[TASK DESCRIPTION] Retype the listing exactly. Leave out the images.

[PROVIDED DATA]
-.-.-

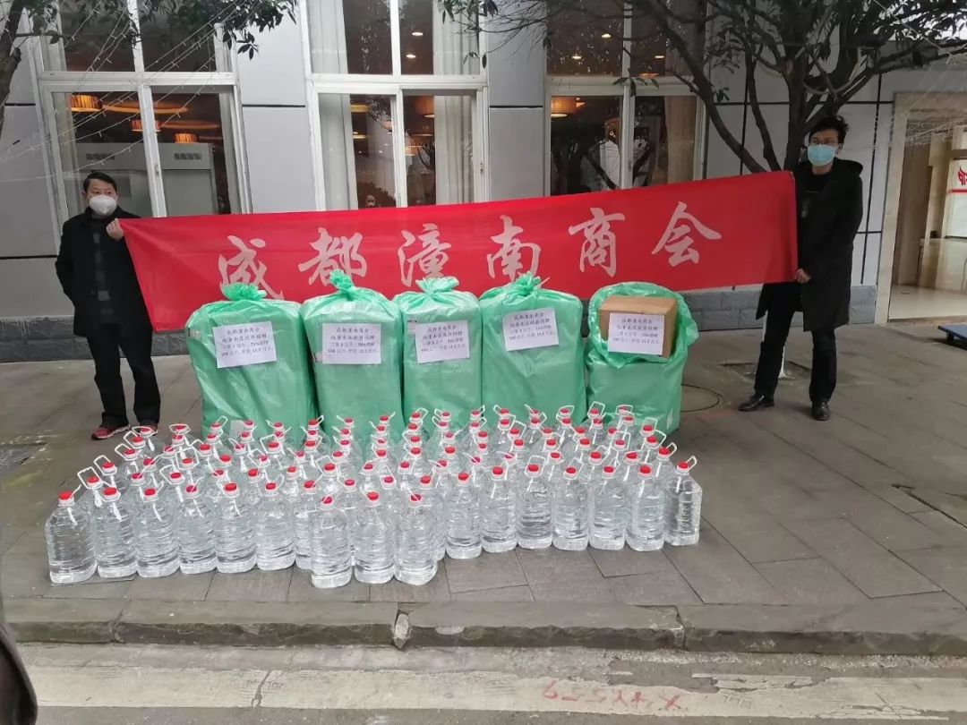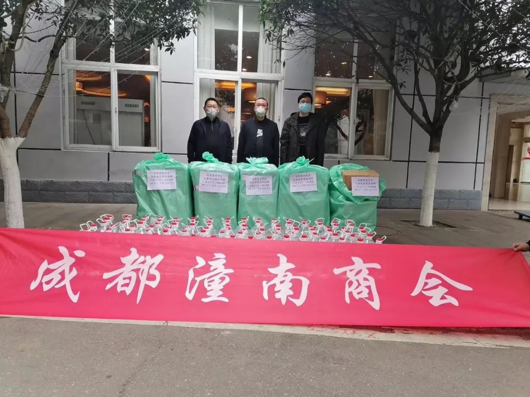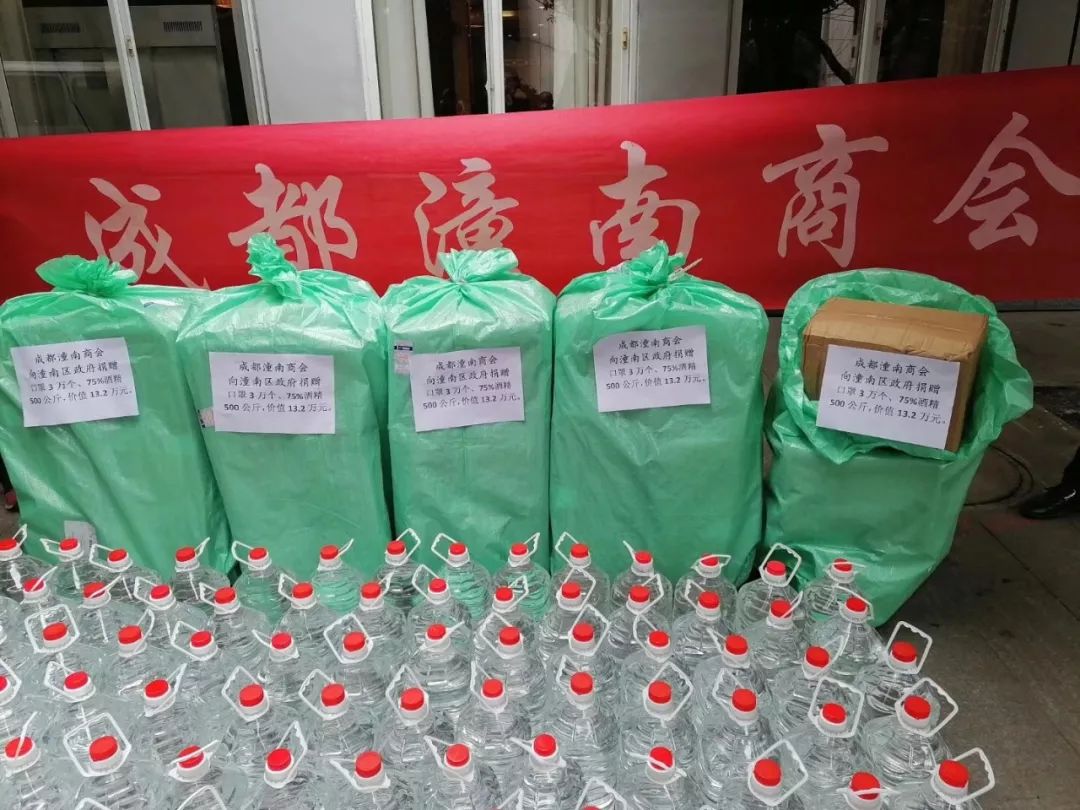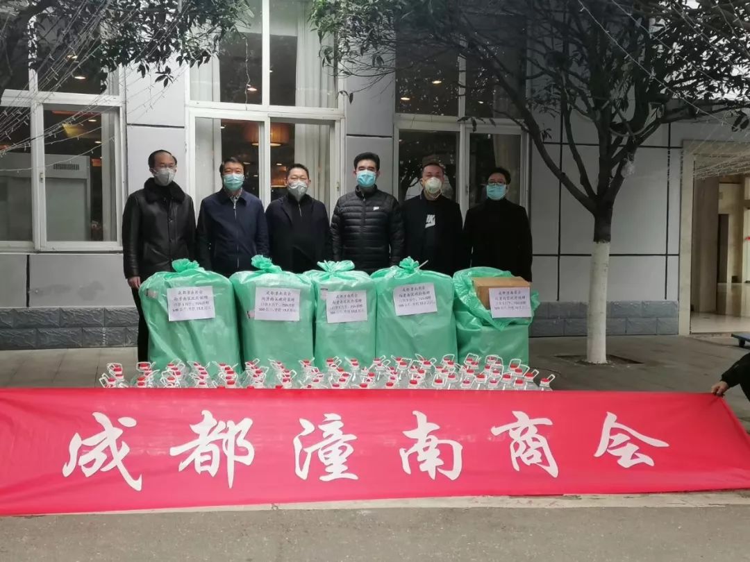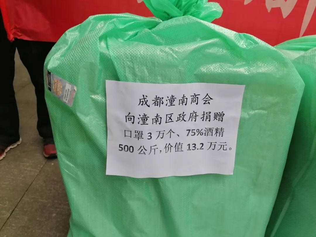 心系家乡,共同战“疫”。四川省重庆商会潼南分会(成都潼南商会)在得知家乡防疫形势严峻时,在会长吕状文(四川省重庆商会会长)的号召下,一场上下齐心、不辞辛劳、精心组织、踊跃参与的爱心接力迅速展开,商会先后筹集资金和物资价值共达58万余元,分批次送达潼南区援助抗疫。2月13日上午,成都潼南商会第三批援助物资送达潼南,这次捐赠医用口罩30000只、75%消毒酒精100桶500公斤,合计价值13.2万元。商会常务副会长陈根平(四川省重庆商会常务副会长)受吕状文会长委托,带队进行捐赠。陈根平表示,成都潼南商会与家乡人民同心同德同奋进,商会也时刻用情用智用力为家乡人民作贡献,大爱无疆、无私奉献,这就是我们企业家精神,也是我们潼商精神。商会副会长唐轲、理事夏荧参加捐赠,潼南区政府副区长陈建华、区政协副主席向明和抗疫指挥部接受了捐赠。
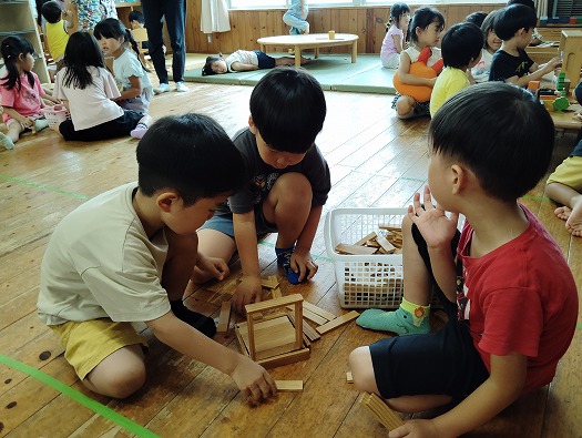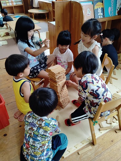 はじめは上手く積み重ねることができなかったこどもたちですが、今では…
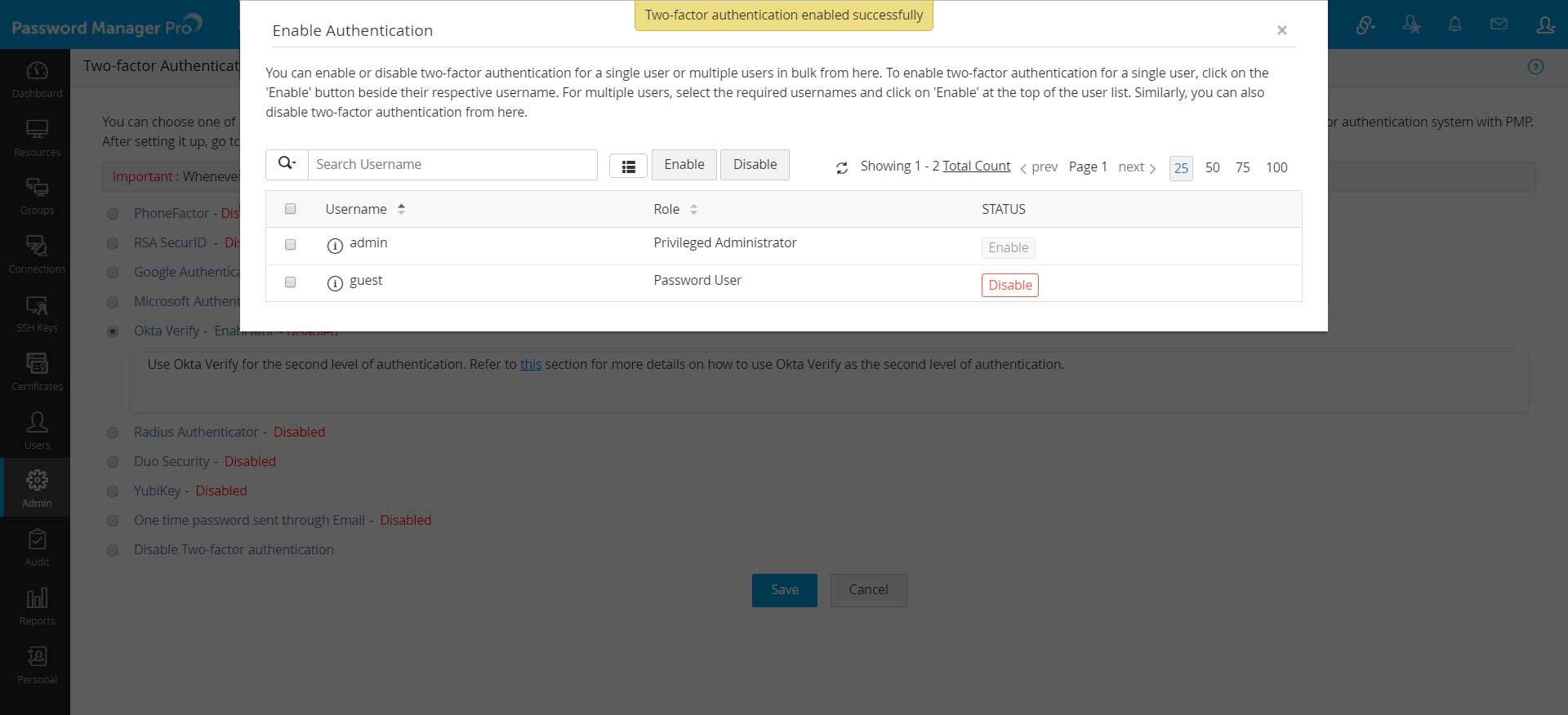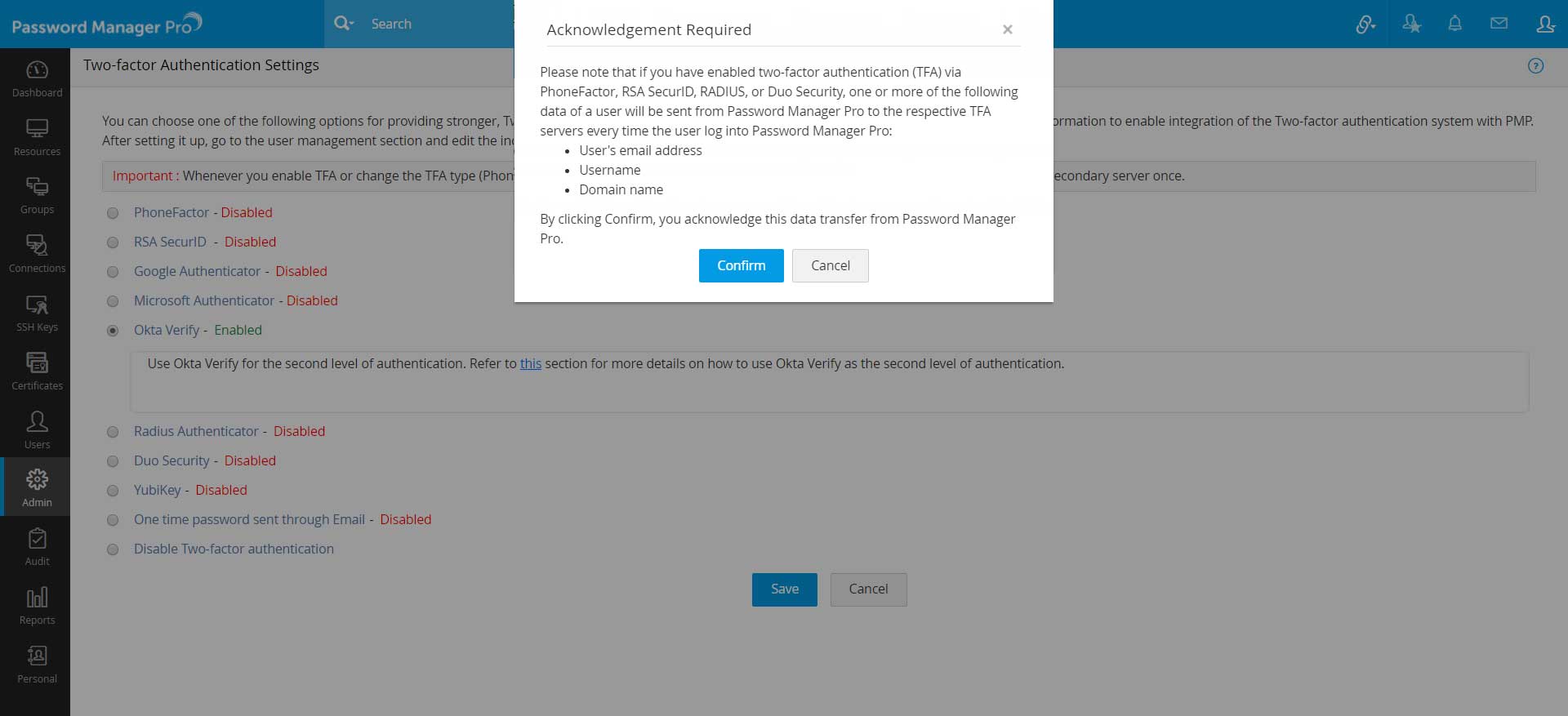 - Password Manager Pro は、Okta Verifyを通じて2段階目の認証情報を要求します。

-.-.-

[SOLUTION TO THE PROBLEM]
 心系家乡,共同战“疫”。四川省重庆商会潼南分会(成都潼南商会)在得知家乡防疫形势严峻时,在会长吕状文(四川省重庆商会会长)的号召下,一场上下齐心、不辞辛劳、精心组织、踊跃参与的爱心接力迅速展开,商会先后筹集资金和物资价值共达58万余元,分批次送达潼南区援助抗疫。2月13日上午,成都潼南商会第三批援助物资送达潼南,这次捐赠医用口罩30000只、75%消毒酒精100桶500公斤,合计价值13.2万元。商会常务副会长陈根平(四川省重庆商会常务副会长)受吕状文会长委托,带队进行捐赠。陈根平表示,成都潼南商会与家乡人民同心同德同奋进,商会也时刻用情用智用力为家乡人民作贡献,大爱无疆、无私奉献,这就是我们企业家精神,也是我们潼商精神。商会副会长唐轲、理事夏荧参加捐赠,潼南区政府副区长陈建华、区政协副主席向明和抗疫指挥部接受了捐赠。
 はじめは上手く積み重ねることができなかったこどもたちですが、今では…
 - Password Manager Pro は、Okta Verifyを通じて2段階目の認証情報を要求します。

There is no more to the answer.